Guards at Yolanda Shipwreck Memorial Park hear moans, steps, sounds at night
TACLOBAN CITY — A ship that was washed inland when this city was devastated by Supertyphoon “Yolanda” (international name: Haiyan) in 2013 is one of the tourist attractions here.
But in the evening, it is a different story.
People stay away from Yolanda Shipwreck Memorial Park after guards claimed they encountered some “hair-raising” experiences at night.
Nonie Herida, one of the four guards assigned to the memorial park, said that what he experienced was not hallucination.
Sounds between 12 and 2 a.m.
“I have been hearing moans from the inside of the shipwreck. The sounds include those of children and women and these occur between 12 midnight and 2 a.m.,” said Herida, 41.
He said the moans sounded like someone in agony and appealing for help.
He also heard “vigorous steps” somewhere inside the park.
“Of course, these [sounds] made me afraid. But I just offer prayers and ask these spirits not to touch me. I am here to guard this park,” said Herida, a father to two children.
Eerie sounds, silence
These eerie sounds would last for a few minutes and then be followed by dead silence, he added.
“But then again, I could hardly sleep anymore,” Herida said.
Another guard, Perforio Husayan, also heard the same haunting sounds.
“There were times when I heard voices of children as if they were playing, going up and down the steps. But you don’t see anyone,” he said.
Both Herida and Husayan believed that these poltergeists may have been those who perished during the onslaught of Yolanda, the world’s strongest typhoon to make landfall.
“Perhaps, they could not accept their death or they need our prayers,” Herida said.

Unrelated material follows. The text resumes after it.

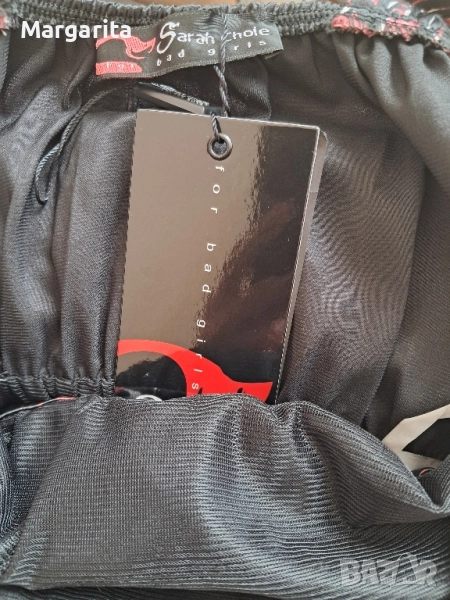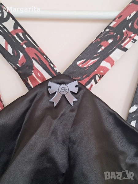 балон. Сатен с подплата. С ластик в кръста и на гърба. Според мен отговаря на размер М. Гръдна Нова с етикет.
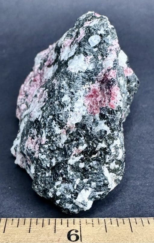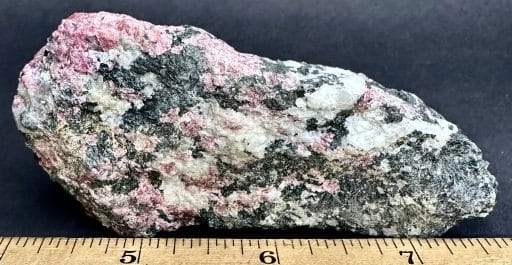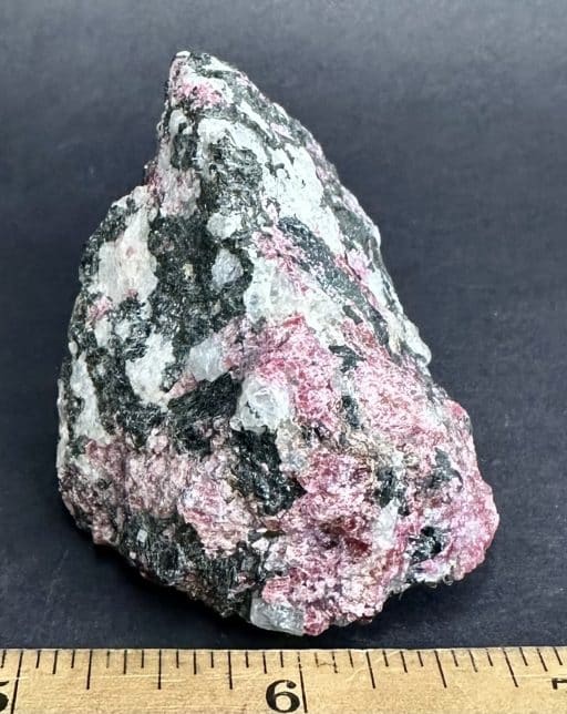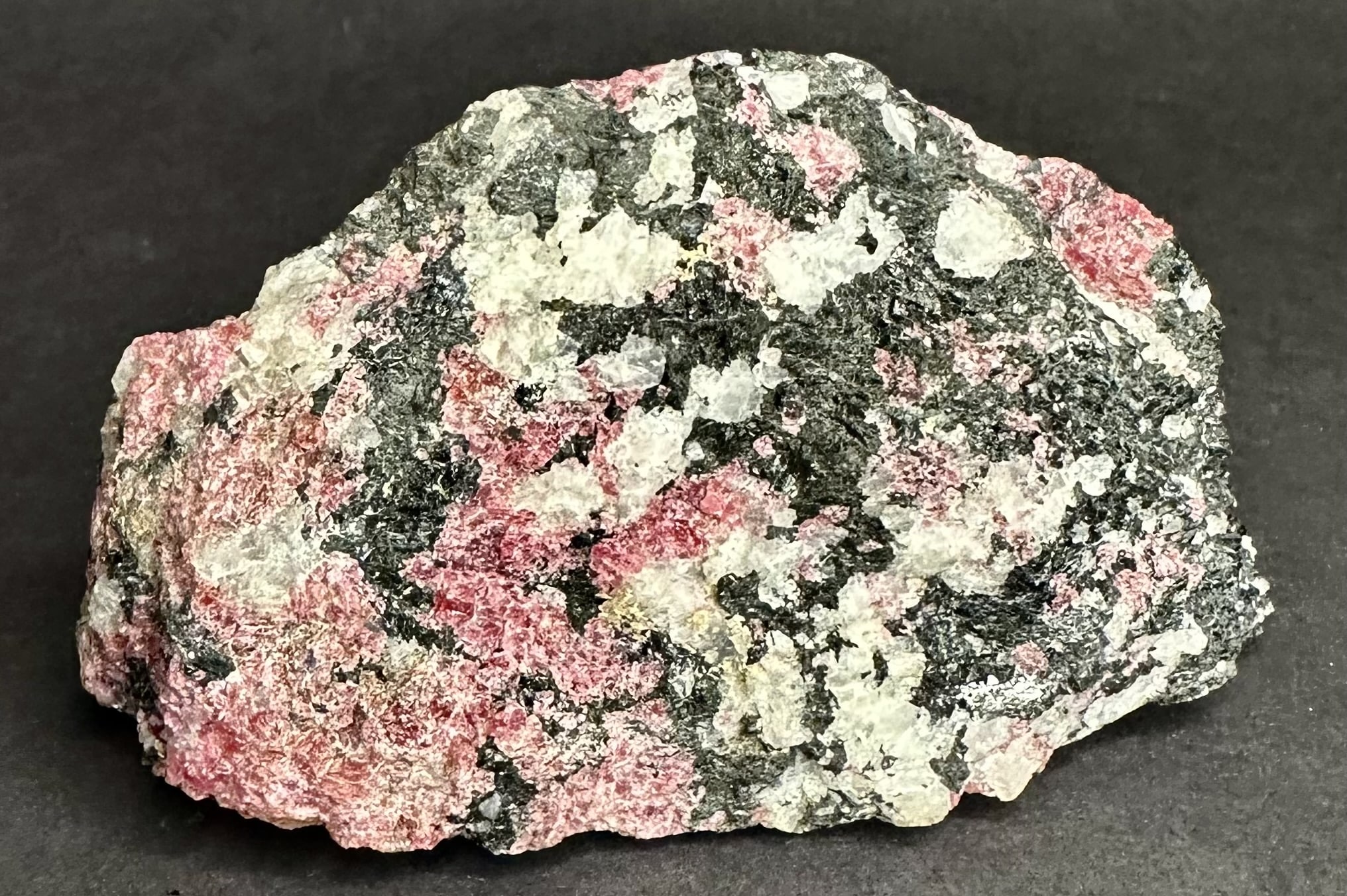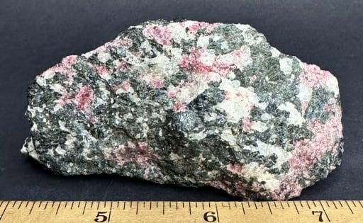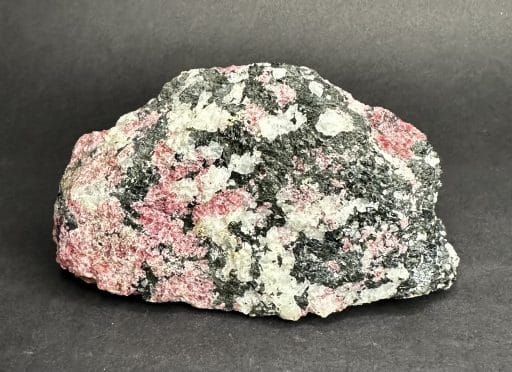 Eudialyte, also spelled Eudialite, is a complex material consisting chiefly of the silicates of iron, zirconium, and lime. Some samples of Eudialyte have been found to have up to 46 different elements. The zirconium has many uses from the production of synthetic fibers, in construction materials for aircraft and space vehicles and in the manufacture of super-hard alloys. Eudialyte is found in Arkansas, Greenland, Russia, Norway, Canada and Madagascar.

Yolanda Shipwreck Memorial Park is in Barangay 68 in Anibong District, one of the hard-hit areas of Tacloban when the city was pummeled by Yolanda.
Bow of MV Eva Jocelyn
The main attraction of the 120-square-meter park is the bow of MV Eva Jocelyn, a 3,000-ton commercial ship that was washed inland by storm surges generated by Yolanda, which devastated this city on Nov. 8, 2013.
The ship plowed into 14 houses in the coastal village and killed 11 people — six of them children. At least 27 people died in Barangay 68, including those hit by the vessel.
Eva Shipping Lines sold the vessel as scrap to Philippine Precious Metal Resources, which later donated to the city government the bow that measures 8 meters in width and 6 meters in length.
The city government made the bow the centerpiece of the memorial park that was opened to the public on Nov. 7, 2015.
A concrete structure with steps was constructed connecting to the ship’s bow. A room for the guards and a comfort room were built at the lower portion of the structure.
Since it opened to the public, the memorial park has been visited by thousands of people.
“The guests, especially those not from the city or from the region, usually ask how this ship was washed inland; how many were killed because of it. And as expected, they have their photos taken with the ship as its background or going to the top to have a selfie,” Herida said.
Fr. Virgilio Cañete of the Palo Archdiocese said that those who encountered hair-raising experiences at Yolanda Shipwreck Memorial Park should not be afraid.
Instead, they should offer prayers for these souls.
“This is a form of communication from the dead. Why be afraid of souls? Let’s offer prayers. Maybe they (souls) are just begging for prayers especially those in Purgatory,” Cañete said.
Ma. Rosario Bactol, Barangay 68 chair, said flowers and prayers were usually offered to the departed during programs commemorating the anniversary of the Yolanda onslaught.